Fermentation, or ethylidene lactic acid, was isolated by K. W. Scheele (Trans. Stockholm Acad. 1780) from sour milk (Lat. lac, lactis, milk, whence the name). About twenty-four years later Bouillon Lagrange, and independently A. F. de Fourcroy and L. N. Vauquelin, maintained that Scheele’s new acid was nothing but impure acetic acid. This notion was combated by J. Berzelius, and finally refuted (in 1832) by J. v. Liebig and E. Mitscherlich, who, by the elementary analyses of lactates, proved the existence of this acid as a distinct compound. It may be prepared by the lactic fermentation of starches, sugars, gums, &c., the sugar being dissolved in water and acidified by a small quantity of tartaric acid and then fermented by the addition of sour milk, with a little putrid cheese. Zinc carbonate is added to the mixture (to neutralize the acid formed), which is kept warm for some days and well stirred. On boiling and filtering the product, zinc lactate crystallizes out of the solution.

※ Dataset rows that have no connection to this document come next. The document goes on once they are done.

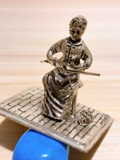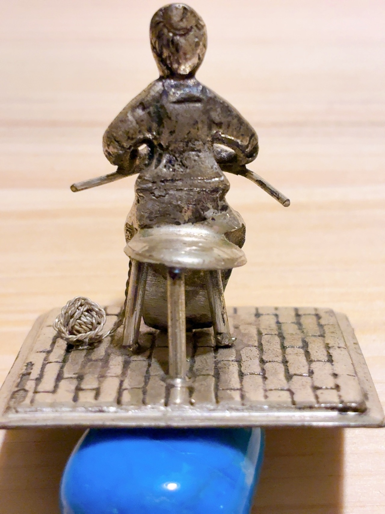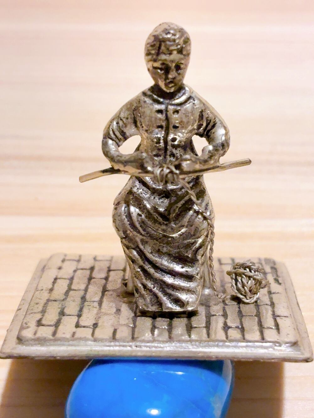 オランダHooijkaas社製、純銀835S『ミニチュア・編物する婦人』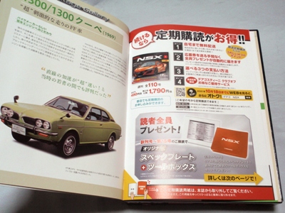 試験販売版には「歴代NSXハイクラスモデルカーコレクション」の宣伝ページがない。 |
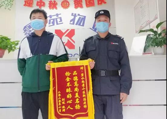 一天过去了,背包却迟迟无人认领。之后,物业人员在背包中发现了一份报名表,通过拨打上面的电话这才与失主成功取得联系。失主在电话中连声道谢,称自己是七号楼业主,因着急拿东西在路途中自己把包掉了也没发现,随后业主马上来认领并当面感谢。第二天,业主就带着一面写有“拾金不昧好心人,品德高尚美名扬”锦旗送到了物业管理处,而他只是憨憨一笑,说这不是自己应该做的嘛!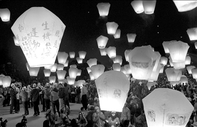 臺灣平溪元宵夜放天燈 吸引數十萬游客賞玩(圖)

The acid may also be synthesized by the decomposition of alanine (α-aminopropionic acid) by nitrous acid (K. Strecker, Ann., 1850, 75, p. 27); by the oxidation of propylene glycol (A. Wurtz); by boiling α-chlorpropionic acid with caustic alkalis, or with silver oxide and water; by the reduction of pyruvic acid with sodium amalgam; or from acetaldehyde by the cyanhydrin reaction (J. Wislicenus, Ann., 1863, 128, p. 13)

CH3·CHO → CH3·CH(OH)·CN → CH3·CH(OH)·CO2H.

It forms a colourless syrup, of specific gravity 1.2485 (15°/4°), and decomposes on distillation under ordinary atmospheric pressure; but at very low pressures (about 1 mm.) it distils at about 85° C., and then sets to a crystalline solid, which melts at about 18° C. It possesses the properties both of an acid and of an alcohol. When heated with dilute sulphuric acid to 130° C., under pressure, it is resolved into formic acid and acetaldehyde. Chromic acid oxidizes it to acetic acid and carbon dioxide; potassium permanganate oxidizes it to pyruvic acid; nitric acid to oxalic acid, and a mixture of manganese dioxide and sulphuric acid to acetaldehyde and carbon dioxide. Hydrobromic acid converts it into α-brompropionic acid, and hydriodic acid into propionic acid.

Lactide, OCH(CH3·CO
CH·CH(CH3)
O, a crystalline solid, of melting-point 124° C., is one of the products obtained by the distillation of lactic acid.